Abstract

Abstract Modern studies are possible to determine the degree of newborn's prematurity. Evidence based data from 65 countries show the increasing trend of preterm births over the past 20 years. Numbers from the National Center for Disease Control and Public Health of Georgia indicate that of 51 183 infants born in 2018, 7 071 (14%) were delivered between 34 to 37 gestational weeks. The aim of this study was to determine the similarities and differences between preterm newborns delivered at 34-37 gestational weeks according the selected variables. This is the quantitative, retrospective study. Data source was the Georgian birth registry for the year 2018. Variables, as gestational age, mode of delivery, newborn weight, Apgar score, newborn diagnoses according the ICD-10, length of stay in maternity home, and others were used for descriptive statistics. In 2018, for preterm deliveries at 34-37 gestational weeks, 53.7% of newborns were delivered by cesarean section and 46.3% physiologically. Despite the similar characteristics, majority of cases had different length of stay at maternity homes, with variation from four to 66 days.
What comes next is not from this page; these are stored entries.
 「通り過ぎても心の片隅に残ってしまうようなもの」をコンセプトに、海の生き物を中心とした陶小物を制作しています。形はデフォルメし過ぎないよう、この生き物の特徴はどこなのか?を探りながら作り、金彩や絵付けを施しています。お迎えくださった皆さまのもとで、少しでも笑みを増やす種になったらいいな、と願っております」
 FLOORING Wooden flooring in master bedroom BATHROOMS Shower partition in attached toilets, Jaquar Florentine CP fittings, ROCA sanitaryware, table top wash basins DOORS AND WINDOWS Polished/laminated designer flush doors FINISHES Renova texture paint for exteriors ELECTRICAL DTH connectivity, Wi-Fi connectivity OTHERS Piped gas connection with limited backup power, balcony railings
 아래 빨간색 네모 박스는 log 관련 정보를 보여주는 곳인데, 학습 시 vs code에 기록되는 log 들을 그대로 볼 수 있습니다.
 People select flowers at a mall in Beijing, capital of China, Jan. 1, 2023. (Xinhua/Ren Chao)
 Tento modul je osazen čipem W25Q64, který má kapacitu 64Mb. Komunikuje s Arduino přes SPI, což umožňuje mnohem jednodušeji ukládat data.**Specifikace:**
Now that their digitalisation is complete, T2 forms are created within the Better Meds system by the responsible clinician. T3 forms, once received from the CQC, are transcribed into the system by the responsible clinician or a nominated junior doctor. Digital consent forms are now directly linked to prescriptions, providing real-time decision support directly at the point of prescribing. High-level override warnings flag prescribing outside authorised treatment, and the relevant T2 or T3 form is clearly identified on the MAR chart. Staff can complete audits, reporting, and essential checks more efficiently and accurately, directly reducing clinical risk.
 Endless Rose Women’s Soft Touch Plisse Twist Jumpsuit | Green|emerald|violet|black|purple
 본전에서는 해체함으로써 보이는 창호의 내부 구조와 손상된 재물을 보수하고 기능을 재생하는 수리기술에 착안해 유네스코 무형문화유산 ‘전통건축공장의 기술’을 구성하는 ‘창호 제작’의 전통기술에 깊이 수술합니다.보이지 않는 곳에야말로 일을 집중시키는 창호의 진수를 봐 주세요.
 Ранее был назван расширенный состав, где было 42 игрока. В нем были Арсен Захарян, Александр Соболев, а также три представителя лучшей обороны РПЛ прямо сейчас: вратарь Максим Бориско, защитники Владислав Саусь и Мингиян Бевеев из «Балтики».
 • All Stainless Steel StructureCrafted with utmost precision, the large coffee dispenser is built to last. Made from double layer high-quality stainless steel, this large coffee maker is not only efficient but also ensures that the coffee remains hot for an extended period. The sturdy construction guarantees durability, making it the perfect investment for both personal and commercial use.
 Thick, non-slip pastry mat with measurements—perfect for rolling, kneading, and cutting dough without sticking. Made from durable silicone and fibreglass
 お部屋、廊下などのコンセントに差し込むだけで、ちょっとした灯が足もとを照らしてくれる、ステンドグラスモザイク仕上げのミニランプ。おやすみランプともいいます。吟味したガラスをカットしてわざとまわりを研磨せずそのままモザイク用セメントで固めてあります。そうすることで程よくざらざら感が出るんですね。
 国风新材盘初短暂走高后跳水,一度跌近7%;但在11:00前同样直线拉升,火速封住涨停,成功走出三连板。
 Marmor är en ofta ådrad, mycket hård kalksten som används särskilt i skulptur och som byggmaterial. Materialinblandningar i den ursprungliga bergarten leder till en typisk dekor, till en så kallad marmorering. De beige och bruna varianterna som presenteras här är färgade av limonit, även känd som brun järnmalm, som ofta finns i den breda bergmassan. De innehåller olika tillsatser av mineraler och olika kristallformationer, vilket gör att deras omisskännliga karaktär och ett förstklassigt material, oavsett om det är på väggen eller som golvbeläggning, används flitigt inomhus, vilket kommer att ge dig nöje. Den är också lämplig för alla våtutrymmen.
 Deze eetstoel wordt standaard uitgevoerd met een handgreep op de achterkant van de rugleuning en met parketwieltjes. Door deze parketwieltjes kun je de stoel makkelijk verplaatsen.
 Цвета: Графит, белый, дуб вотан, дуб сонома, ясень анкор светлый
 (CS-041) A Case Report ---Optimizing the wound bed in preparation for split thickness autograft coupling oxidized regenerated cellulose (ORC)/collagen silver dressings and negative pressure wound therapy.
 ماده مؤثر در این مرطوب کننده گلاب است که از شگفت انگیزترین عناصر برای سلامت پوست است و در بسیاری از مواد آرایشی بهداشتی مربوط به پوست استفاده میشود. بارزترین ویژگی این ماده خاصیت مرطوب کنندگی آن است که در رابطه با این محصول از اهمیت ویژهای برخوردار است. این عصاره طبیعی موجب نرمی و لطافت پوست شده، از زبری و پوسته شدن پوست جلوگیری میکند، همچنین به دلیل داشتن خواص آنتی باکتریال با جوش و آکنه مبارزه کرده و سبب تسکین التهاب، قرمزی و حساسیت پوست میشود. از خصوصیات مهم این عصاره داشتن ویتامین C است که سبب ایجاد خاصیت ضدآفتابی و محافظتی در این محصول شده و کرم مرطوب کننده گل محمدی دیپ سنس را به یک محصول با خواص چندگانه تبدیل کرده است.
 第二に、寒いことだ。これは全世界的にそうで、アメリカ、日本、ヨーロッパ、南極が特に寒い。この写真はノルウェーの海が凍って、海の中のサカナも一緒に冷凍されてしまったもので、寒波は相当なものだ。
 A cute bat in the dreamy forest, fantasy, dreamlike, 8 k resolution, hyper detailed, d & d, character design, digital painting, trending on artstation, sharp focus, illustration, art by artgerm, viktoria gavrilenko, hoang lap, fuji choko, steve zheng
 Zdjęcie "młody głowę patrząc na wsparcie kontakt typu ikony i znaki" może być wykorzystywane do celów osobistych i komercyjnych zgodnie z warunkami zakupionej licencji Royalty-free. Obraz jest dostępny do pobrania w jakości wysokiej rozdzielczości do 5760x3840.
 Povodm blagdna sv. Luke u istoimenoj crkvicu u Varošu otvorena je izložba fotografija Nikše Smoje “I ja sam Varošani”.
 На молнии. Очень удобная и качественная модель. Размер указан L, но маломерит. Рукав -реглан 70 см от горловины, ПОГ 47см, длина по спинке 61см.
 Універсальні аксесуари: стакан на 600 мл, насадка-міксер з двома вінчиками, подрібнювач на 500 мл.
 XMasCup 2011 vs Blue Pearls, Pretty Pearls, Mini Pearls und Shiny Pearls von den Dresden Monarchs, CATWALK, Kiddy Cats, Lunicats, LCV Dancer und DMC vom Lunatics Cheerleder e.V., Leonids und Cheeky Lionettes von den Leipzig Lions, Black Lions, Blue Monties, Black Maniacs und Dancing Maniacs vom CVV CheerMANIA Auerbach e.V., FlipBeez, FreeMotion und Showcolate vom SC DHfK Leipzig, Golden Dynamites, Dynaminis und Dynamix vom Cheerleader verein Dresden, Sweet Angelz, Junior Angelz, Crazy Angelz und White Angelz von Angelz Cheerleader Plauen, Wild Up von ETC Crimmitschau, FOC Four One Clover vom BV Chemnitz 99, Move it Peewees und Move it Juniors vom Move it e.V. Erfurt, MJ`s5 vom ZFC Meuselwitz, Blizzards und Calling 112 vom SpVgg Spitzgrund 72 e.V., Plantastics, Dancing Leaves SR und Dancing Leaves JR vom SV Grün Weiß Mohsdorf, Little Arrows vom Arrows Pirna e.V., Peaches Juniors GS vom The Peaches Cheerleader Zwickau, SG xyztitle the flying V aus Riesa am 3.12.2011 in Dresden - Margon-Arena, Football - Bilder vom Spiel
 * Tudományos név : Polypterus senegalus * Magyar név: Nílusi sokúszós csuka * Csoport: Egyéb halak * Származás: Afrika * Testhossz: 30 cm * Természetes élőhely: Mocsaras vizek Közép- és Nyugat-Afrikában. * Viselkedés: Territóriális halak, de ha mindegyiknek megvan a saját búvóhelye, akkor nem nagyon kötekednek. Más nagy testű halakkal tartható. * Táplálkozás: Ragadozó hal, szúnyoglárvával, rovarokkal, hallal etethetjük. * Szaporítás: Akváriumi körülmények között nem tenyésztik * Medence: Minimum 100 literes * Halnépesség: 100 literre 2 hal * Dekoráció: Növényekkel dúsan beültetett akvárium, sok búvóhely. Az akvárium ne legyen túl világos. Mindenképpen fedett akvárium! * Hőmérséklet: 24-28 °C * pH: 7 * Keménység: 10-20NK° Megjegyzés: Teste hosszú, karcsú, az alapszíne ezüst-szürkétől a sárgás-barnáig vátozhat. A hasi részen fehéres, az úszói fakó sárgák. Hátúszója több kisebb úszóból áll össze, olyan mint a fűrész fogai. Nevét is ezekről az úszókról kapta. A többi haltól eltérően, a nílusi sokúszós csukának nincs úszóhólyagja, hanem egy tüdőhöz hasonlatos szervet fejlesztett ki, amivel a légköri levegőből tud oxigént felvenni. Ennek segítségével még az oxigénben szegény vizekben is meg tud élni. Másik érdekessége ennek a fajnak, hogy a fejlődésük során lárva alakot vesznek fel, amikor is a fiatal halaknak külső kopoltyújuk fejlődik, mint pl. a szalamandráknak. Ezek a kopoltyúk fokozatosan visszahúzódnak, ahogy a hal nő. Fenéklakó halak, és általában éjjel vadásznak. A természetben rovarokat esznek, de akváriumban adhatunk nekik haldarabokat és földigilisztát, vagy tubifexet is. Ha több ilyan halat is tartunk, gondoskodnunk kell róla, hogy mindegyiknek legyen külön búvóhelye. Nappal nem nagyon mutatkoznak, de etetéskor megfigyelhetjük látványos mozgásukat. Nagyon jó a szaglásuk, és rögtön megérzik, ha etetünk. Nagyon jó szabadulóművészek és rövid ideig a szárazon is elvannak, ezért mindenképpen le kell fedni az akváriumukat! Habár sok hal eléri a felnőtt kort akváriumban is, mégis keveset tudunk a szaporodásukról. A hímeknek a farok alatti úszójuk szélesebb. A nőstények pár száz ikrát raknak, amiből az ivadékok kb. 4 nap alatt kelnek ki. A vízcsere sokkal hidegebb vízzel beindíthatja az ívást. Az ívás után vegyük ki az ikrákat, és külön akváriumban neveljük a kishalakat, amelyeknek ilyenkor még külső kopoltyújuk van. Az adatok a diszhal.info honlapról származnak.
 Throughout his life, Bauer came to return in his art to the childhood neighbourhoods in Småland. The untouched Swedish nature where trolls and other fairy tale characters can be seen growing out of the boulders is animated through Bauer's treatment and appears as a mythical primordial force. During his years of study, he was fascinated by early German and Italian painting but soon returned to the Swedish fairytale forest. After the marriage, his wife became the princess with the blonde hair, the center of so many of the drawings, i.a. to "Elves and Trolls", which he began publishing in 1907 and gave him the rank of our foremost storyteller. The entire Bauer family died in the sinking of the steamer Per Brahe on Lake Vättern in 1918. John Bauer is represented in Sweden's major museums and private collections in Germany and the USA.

The big concern was the quality of target variables - in 30% of cases occurred missing information. Inconsistent occurred in cross-checking of variables - newborns stay at hospital over the recommended data was not justified by provided diagnosis. The results show the big variance between the preterm newborns with the similar characteristics, delivered at 34-37 gestational weeks in Georgia, mainly for the length of stay. Study reveal necessity to provide awareness rising activities among medical personnel to provide reliable, timely and validated data. The major recommendation is to advice Georgian health sector representatives to develop a mechanism for monitoring and ensuring the measures to evaluate the quality of data, uploaded in the birth registry. Key messages Reliable, consistent and validated data are contributing to the rationalization of the healthcare associated resources and controlling costs. Ongoing monitoring of quality in Georgian birth registry should be top priority of responsible authorities.